Two query languages: Application code must context-switch between SQL and Cypher (or Gremlin), often for what is logically a single question.

We built Cognica to eliminate this boundary entirely.

Graph Operations as Posting Lists

Cognica's engine is built on a single mathematical abstraction: the posting list. Every query paradigm — relational SQL, full-text search, vector similarity, and graph traversal — compiles to operations that produce and compose posting lists through Boolean algebra.

For graph queries, the key insight is that graph traversal results are structurally identical to document retrieval results: both are sets of entity IDs that satisfy some predicate.

Operation	Input	Output
`WHERE age > 30`	Table scan	Posting list of matching row IDs
`WHERE content @@ 'database'`	Inverted index	Posting list of matching doc IDs
`ORDER BY embedding <=> $vec`	HNSW index	Posting list of nearest neighbor IDs
`MATCH (a)-[:FOLLOWS*1..3]->(b)`	Adjacency traversal	Posting list of reachable vertex IDs

Because every operation returns a posting list, they compose through the same Boolean operators: AND (intersection), OR (union), NOT (complement). A query that combines full-text search with graph traversal requires no special fusion logic — it is just two posting lists intersected.

Property Graph on Document Storage

Cognica stores graphs as pairs of document collections.
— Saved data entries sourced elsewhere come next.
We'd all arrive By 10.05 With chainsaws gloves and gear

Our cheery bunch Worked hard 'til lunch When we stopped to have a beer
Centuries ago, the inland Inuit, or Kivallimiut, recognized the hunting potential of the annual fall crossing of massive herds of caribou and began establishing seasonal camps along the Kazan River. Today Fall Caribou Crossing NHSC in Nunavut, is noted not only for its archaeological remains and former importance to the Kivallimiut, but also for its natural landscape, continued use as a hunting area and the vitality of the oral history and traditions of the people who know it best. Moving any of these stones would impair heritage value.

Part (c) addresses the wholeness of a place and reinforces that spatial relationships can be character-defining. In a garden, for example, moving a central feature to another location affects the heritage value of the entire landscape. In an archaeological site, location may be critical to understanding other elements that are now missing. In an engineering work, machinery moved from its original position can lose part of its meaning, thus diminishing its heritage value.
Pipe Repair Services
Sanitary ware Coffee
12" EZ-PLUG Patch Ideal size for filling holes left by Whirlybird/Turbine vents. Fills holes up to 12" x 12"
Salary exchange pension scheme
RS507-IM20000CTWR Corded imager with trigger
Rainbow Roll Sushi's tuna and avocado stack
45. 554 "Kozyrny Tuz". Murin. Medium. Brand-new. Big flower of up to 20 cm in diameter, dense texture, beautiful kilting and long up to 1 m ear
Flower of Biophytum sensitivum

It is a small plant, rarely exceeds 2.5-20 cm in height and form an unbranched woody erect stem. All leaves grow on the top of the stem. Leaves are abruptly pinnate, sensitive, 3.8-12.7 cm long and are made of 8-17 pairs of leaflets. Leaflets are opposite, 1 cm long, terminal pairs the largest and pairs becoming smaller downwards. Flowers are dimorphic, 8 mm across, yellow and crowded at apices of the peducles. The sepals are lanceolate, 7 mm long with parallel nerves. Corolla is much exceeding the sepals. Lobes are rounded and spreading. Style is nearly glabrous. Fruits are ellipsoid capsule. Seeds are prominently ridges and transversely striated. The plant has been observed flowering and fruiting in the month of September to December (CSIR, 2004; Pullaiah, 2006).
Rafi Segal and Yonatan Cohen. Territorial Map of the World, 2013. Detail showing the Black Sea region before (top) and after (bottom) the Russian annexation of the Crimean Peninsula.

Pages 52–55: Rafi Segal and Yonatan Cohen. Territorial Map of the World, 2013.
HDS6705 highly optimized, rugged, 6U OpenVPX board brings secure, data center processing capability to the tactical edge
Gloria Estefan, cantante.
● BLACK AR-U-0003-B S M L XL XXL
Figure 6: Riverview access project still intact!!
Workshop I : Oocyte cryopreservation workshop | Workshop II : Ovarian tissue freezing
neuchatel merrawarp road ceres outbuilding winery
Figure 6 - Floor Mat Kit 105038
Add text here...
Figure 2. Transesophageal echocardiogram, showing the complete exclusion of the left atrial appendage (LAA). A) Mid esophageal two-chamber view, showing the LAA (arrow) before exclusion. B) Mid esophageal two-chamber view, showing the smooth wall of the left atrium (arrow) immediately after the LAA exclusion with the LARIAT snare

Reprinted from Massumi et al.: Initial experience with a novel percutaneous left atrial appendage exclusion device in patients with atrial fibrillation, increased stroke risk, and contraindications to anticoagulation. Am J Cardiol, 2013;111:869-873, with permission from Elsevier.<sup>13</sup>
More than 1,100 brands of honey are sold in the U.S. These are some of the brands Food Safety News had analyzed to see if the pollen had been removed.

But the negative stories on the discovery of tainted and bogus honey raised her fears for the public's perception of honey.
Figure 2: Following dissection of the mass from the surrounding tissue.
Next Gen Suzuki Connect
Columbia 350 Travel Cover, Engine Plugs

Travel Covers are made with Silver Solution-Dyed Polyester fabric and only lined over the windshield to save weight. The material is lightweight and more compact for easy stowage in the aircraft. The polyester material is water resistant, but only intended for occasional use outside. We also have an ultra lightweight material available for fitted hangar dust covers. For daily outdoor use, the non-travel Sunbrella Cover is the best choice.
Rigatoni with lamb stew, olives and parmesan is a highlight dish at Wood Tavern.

A graph named social produces two collections:

social_nodes stores vertices:

{
  "_id": "social:Person:1001",
  "_label": "Person",
  "_graph": "social",
  "name": "Alice",
  "age": 30,
  "department": "Engineering"
}

social_edges stores edges:

{
  "_id": "social:FOLLOWS:2001",
  "_source": "social:Person:1001",
  "_target": "social:Person:1002",
  "_type": "FOLLOWS",
  "_graph": "social",
  "since": "2024-01-15"
}

This dual-collection model has a critical advantage: it reuses the entire document storage infrastructure. Indexes, ACID transactions, LSM-tree compaction, cursor iteration, and federation — all of it works on graph data without a single line of graph-specific storage code.
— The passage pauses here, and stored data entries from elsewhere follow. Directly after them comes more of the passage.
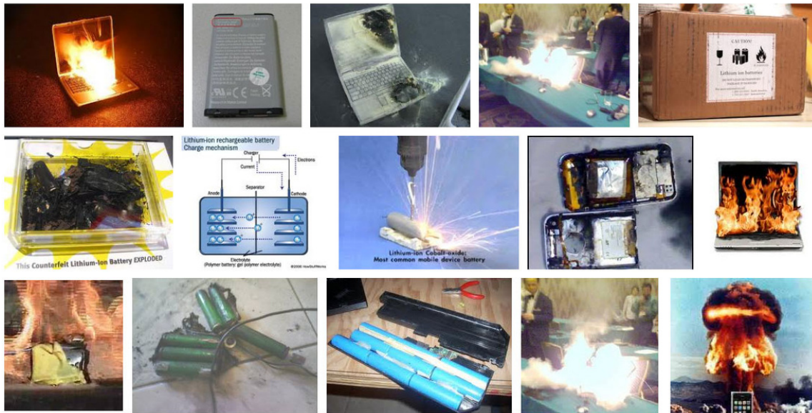
LITHIUM ION BATERIES BLOWING UP ON THEIR OWN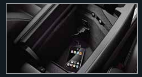
Media interface include consumer cable kit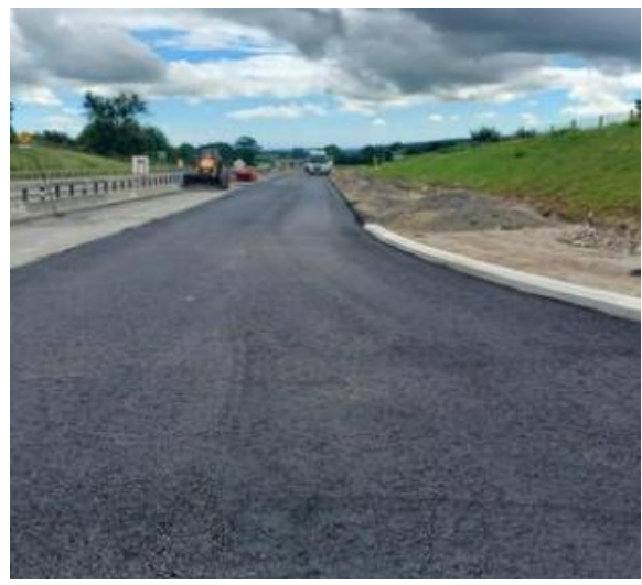
Basecourse works on N24 Main-line

Construction remains on schedule with substantial completion expected by the end of 2023.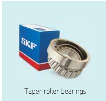
Taper roller bearings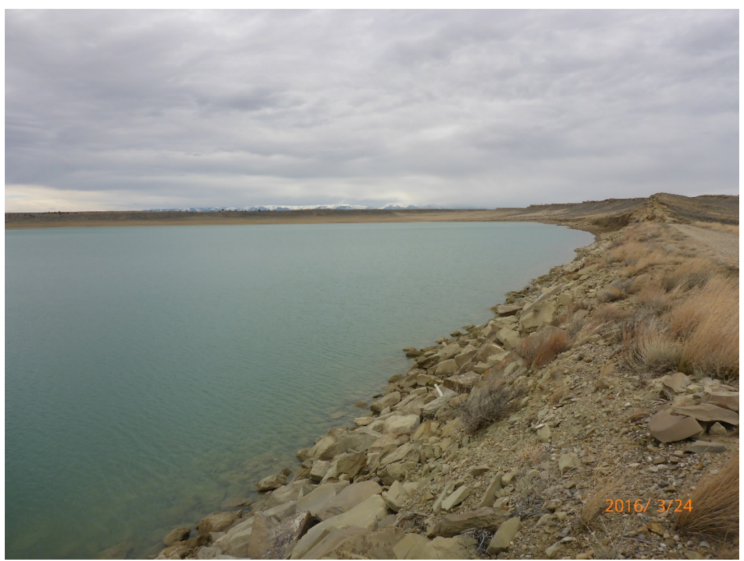
Deadman's Basin Dam (Wheatland County)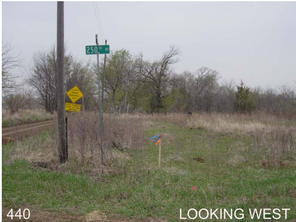
#440 is 25ft north of 160 th St, 50ft southwest of curve in 250 th Ave. Near the SE corner of Sec 33, T77N, R11W.

Composite indexes on (_source, _type) and (_target, _type) enable efficient adjacency lookups in both directions. An LRU adjacency cache further accelerates multi-hop traversals by keeping pre-computed neighbor relationships in memory.

Cypher Through Parse-Time Rewriting

Cognica supports Apache AGE-compatible Cypher syntax. But rather than building a separate graph query engine, we translate Cypher into SQL at parse time.

SELECT *
  FROM cypher('social', $$
    MATCH (a:Person)-[:FOLLOWS*1..3]->(b:Person)
    WHERE a.name = 'Alice'
    RETURN b.name, b.role
  $$) AS (name TEXT, role TEXT);

When the SQL parser encounters the cypher() function in a FROM clause, it triggers a translation pipeline:

Cypher Lexer — A hand-written scanner tokenizes pattern arrows (-[:TYPE]->) and case-insensitive keywords.
Cypher Parser — Builds a Cypher-specific AST from the token stream.
Cypher-to-SQL Rewriter — Transforms the Cypher AST into standard SQL AST nodes that reference graph table functions.
Standard Optimizer — The rewritten SQL re-enters the same cost-based optimizer used for all other queries.

This design means the SQL optimizer has full visibility into the graph query structure. Predicate pushdown, join reordering, and index selection all work across graph-relational boundaries, because by the time optimization runs, there is no distinction between "graph operations" and "relational operations" — they are all SQL plan nodes.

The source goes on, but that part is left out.